There’s a story in my new Netflix comedy special, “The Good Life,” where I’m fiercely arguing politics with my father at his house about 20 years ago. The conversation got so meanspirited that when I walked out to my car, my dad didn’t even say goodbye.
I said, “Bye, Dad.”
And he said, “Well, you’ve gone another way.”
At that point in “the special I say, “My whole life I wanted to be my dad, and at a certain point I decided I wanted him to be me.”
But if I’m being honest, that’s not what I thought in the moment. I thought something along the lines of, “What is he thinking? He’s just wrong.”
About a year ago, my dad had an acute stroke that put him in the hospital for months and now he’s home with care. He can’t stand up. He can’t walk. He can speak, but he doesn’t remember anything that’s happened in the last 12 months.
This is a huge change for my family. My dad has always been a big personality. Sometimes too big. When I was a kid, he’d sometimes fly off the handle. So in my special, I make the joke that the silver lining is that as horrible as the stroke has been, “if I’m being completely honest, it has calmed him down.”
One night, after I made that extremely dark joke, the audience didn’t know how to feel about it. It sort of sat there. I think the audience thought, Are we allowed to laugh about this guy’s ailing father? So I improvised a line: “Most of the jokes tonight are for you, but some of the jokes are for me. This is a coping mechanism. And I hope it is for you too.” That lit up the crowd. There was an acknowledgment that this was something I was really grappling with.
I’ve been doing comedy professionally for 23 years, and I’m just starting to realize that comedy is the coping mechanism I developed in my childhood. When I’m performing, I’m sharing that tool with my audience. I’m basically saying: “Here. Maybe use this.”
My dad never wanted me to be a comedian. He wanted me to be a doctor, like him. Or really any profession other than comedian. In college, I got a job busing tables at the DC Improv comedy club and he was furious.
He said, “You’re working at a comedy club? What do the people do? Strip?”
I said, “No, they perform comedy.”
And he said, “That is not your priority.”
But it was. I became obsessed with every comedian who came through that club: Mitch Hedberg, Margaret Cho, Brian Regan. I gravitated toward jokes that confessed something the comedian had experienced. I was raised in a very Catholic town in Massachusetts, and kids were never encouraged to express themselves. The conventional wisdom was: “Don’t tell anyone.” So my interest in comedy was to tell everyone.
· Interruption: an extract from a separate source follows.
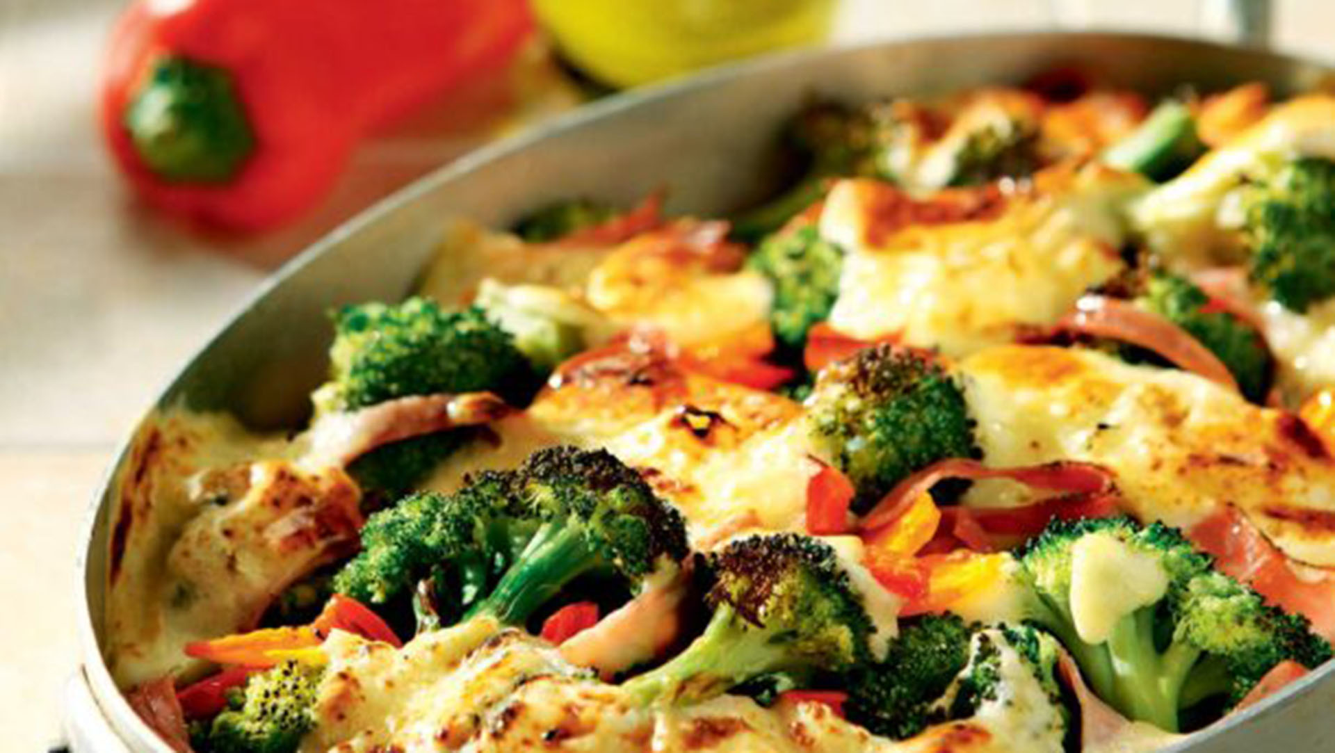 - Για τα μπρόκολα στον φούρνο με ζαμπόν και λευκή σάλτσα προθερμαίνετε πρώτα τον φούρνο στους 180°C.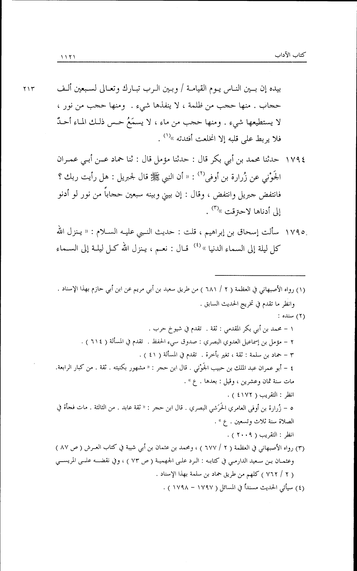 حدثنا محمد بن أبي بكر قال: حدثنا مؤمل قال: ثنا حماد، عن أبي عمران الجوني، عن زرارة بن أوفى أن النبي - صلى الله عليه وسلم - قال لجبريل: ((هل رأيت ربك؟)) فانتفض جبريل وانتفض، وقال: إن بيني وبينه سبعين حجابًا من نور، لو أدنوا إلى أدناها لاحترقت.

Over the years I’ve made jokes about my life-threatening sleep disorder, my bladder cancer when I was 20, my breakups. Basically, my lowest moments. My goal is to find the comedy in the most challenging situations. If you can discover the laughs in those dark places, your bond with the audience is deeper.
When I started writing “The Good Life,” the show was about how insecure I felt as a parent of an 8-year-old. I was struggling to explain the big stuff: Drugs. Sex. X-rays. But when my dad had a stroke, the topics became even more challenging: Death. Sickness. Family crisis. The show took shape around a new question: What have I learned from my father and what can I pass on to my daughter?
Sometimes people assume that comedians are trying to mock their subjects. That’s not always true. In my case, I’m trying to understand who they are. So I’ve spent the last year of my life trying to understand my dad. And it’s hard.
When crafting the special, one of my first jokes that landed was, “When I was a kid, it seemed like my dad knew everything. He was a doctor and in his free time he got his law degree. That’s how much he didn’t want to be a dad. He thought, What could I do in these slots of time when I would be parenting? In fairness, we weren’t great kids. We always … wanted a dad. … And he wanted another secondary degree.”
As I wrote other jokes like that, I felt the necessity to look at my own blind spots. It only seemed fair. When was my dad a good dad? When was he a good doctor? When was he a good role model? I ended up painting a portrait of him that is, I hope, loving.
After a lifetime of puzzling over the mystery that is my dad, it was the art form that he desperately didn’t want me to pursue that helped me understand him the most. Twenty years after he told me, “you’ve gone another way,” I’ve realized that I definitely have and that’s OK. Better than OK. It’s funny.